The Art of
ASSEMBLY LANGUAGE PROGRAMMING

Chapter Three (Part 4)

Table of Content

Chapter Three (Part 6)

CHAPTER THREE:
SYSTEM ORGANIZATION (Part 5)
3.3.12 - The 8486 Processor
3.3.12.1 - The 8486 Pipeline
3.3.12.2 - Stalls in a Pipeline
3.3.12.3 - Cache, the Prefetch Queue, and the 8486
3.3.12.4 - Hazards on the 8486
3.3.13 - The 8686 Processor
3.3.12 The 8486 Processor

Executing instructions in parallel using a bus interface unit and an execution unit is a special case of pipelining. The 8486 incorporates pipelining to improve performance. With just a few exceptions, we'll see that pipelining allows us to execute one instruction per clock cycle.

The advantage of the prefetch queue was that it let the CPU overlap instruction fetching and decoding with instruction execution. That is, while one instruction is executing, the BIU is fetching and decoding the next instruction. Assuming you're willing to add hardware, you can execute almost all operations in parallel. That is the idea behind pipelining.

3.3.12.1 The 8486 Pipeline

Consider the steps necessary to do a generic operation:

Assuming you're willing to pay for some extra silicon, you can build a little "mini-processor" to handle each of the above steps. The organization would look something likethis:

If you design a separate piece of hardware for each stage in the pipeline above, almost all these steps can take place in parallel. Of course, you cannot fetch and decode the opcode for any one instruction at the same time, but you can fetch one opcode while decoding the previous instruction. If you have an n-stage pipeline, you will usually have n instructions executing concurrently. The 8486 processor has a six stage pipeline, so it overlaps the execution of six separate instructions.

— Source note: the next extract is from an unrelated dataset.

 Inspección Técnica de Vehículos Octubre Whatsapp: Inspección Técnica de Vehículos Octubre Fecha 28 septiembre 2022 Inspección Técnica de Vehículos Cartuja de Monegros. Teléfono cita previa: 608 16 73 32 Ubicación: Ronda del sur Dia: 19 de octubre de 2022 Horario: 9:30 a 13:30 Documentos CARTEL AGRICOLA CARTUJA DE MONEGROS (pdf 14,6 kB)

The figure below, Instruction Execution in a Pipeline, demonstrates pipelining. T1, T2, T3, etc., represent consecutive "ticks" of the system clock. At T=T1 the CPU fetches the opcode byte for the first instruction.

At T=T2, the CPU begins decoding the opcode for the first instruction. In parallel, it fetches 16-bits from the prefetch queue in the event the instruction has an operand. Since the first instruction no longer needs the opcode fetching circuitry, the CPU instructs it to fetch the opcode of the second instruction in parallel with the decoding of the first instruction. Note there is a minor conflict here. The CPU is attempting to fetch the next byte from the prefetch queue for use as an operand, at the same time it is fetching 16 bits from the prefetch queue for use as an opcode. How can it do both at once? You'll see the solution in a few moments.

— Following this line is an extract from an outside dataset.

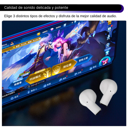 MINI AUDÍFONOS BLUETOOTH PRO 5S TWS Escuchar música al 100% de volumen durante 4 horas. La caja de carga puede cargar los auriculares por 5 veces Elige entre sus 3 efectos de sonido, que se pueden cambiar presionando a un costado de los audífonos. Caja de carga compacta, fácil de llevar y mantiene un rango de conexión de 10 metros Los auriculares son compactos y no tienen sensación Soporte para carga de auriculares, carga rápida, carga durante 5 minutos, escucha durante 2 horas.
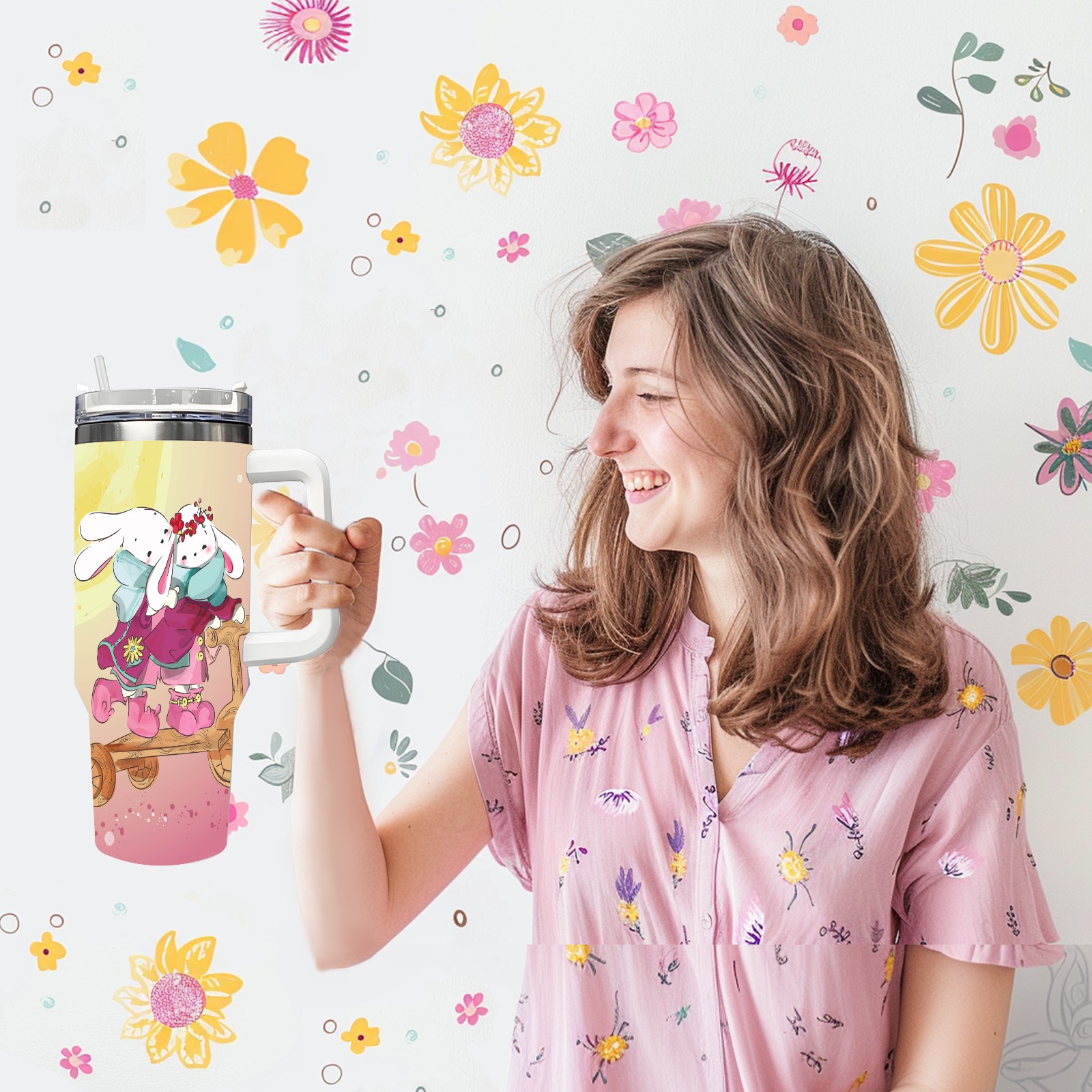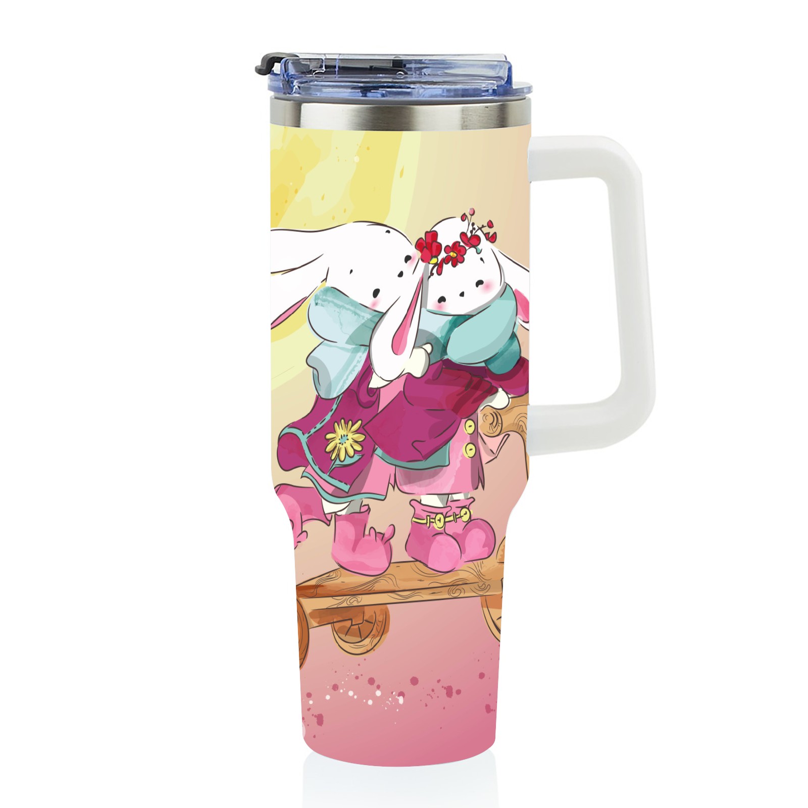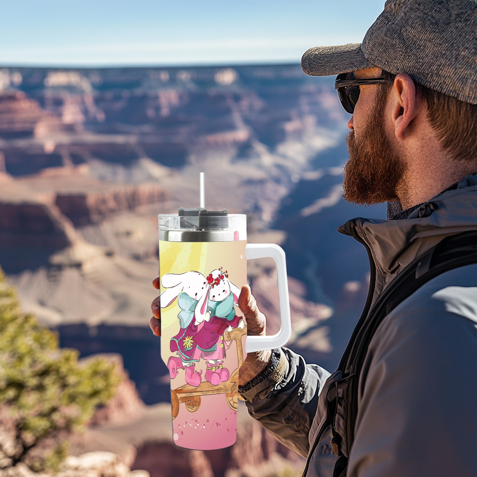 40oz Cute Animal thermos with lid and straw, leak-proof stainless steel, with handle, spill-proof bottle, convenient for travel(pink)

At T=T3 the CPU computes an operand address for the first instruction, if any. The CPU does nothing on the first instruction if it does not use the [xxxx+bx] addressing mode. During T3, the CPU also decodes the opcode of the second instruction and fetches any necessary operand. Finally the CPU also fetches the opcode for the third instruction. With each advancing tick of the clock, another step in the execution of each instruction in the pipeline completes, and the CPU fetches yet another instruction from memory.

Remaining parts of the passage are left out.